Now for the first time, scientists from Sweden and Germany have undertaken a project to observe what happens to transposons when DNA methylation is lost in human cells. Their findings were recently published in July issue of Nature Communications.
Transposons are often referred to as the “jumping genes” because they can bounce around in our genetic material and insert themselves wherever they want. For millions of years, these jumping genes moved around quite a lot. Their random insertions either negatively or positively impacted our genome. Beneficial modifications were passed on, and detrimental ones were usually lost within a single generation. Over time, the majority of these transposons became immobilized to prevent any havoc from occurring, securing our genetic code as it is today. But some are still active, and every so often they can be traced to the cause of a disease or malfunction. For instance, certain colon cancers and blood disorders like hemophilia involve misplaced TEs.
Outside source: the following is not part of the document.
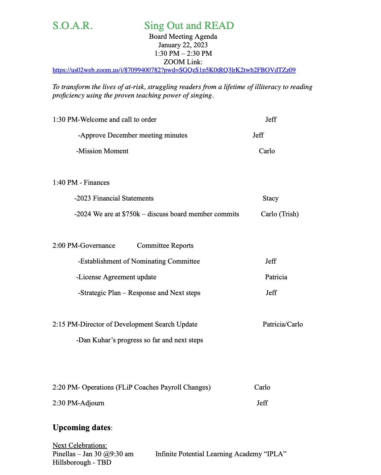 - Jan 22, 2024 Meeting Agenda - 1/22/24

DNA methylation is a chemical modification that can turn parts of our genome off. In healthy tissue, nearly all transposons are transcriptionally repressed by DNA methylation. The formation of this mechanism, which occurs during early embryo development, is believed to be necessary for silencing complexes that repress the transcription of transposons in somatic cells.
According to Lund University professor Johan Jakobsson who led the study, occasionally DNA methylation can become disrupted, and previous research has demonstrated this to be crucial in some cancers and neuropsychiatric diseases. He stated, “DNA methylation is used as a target for therapy in certain cancer types, such as leukemia, but we still lack knowledge about why this is effective and why it only works for certain types of cancer.”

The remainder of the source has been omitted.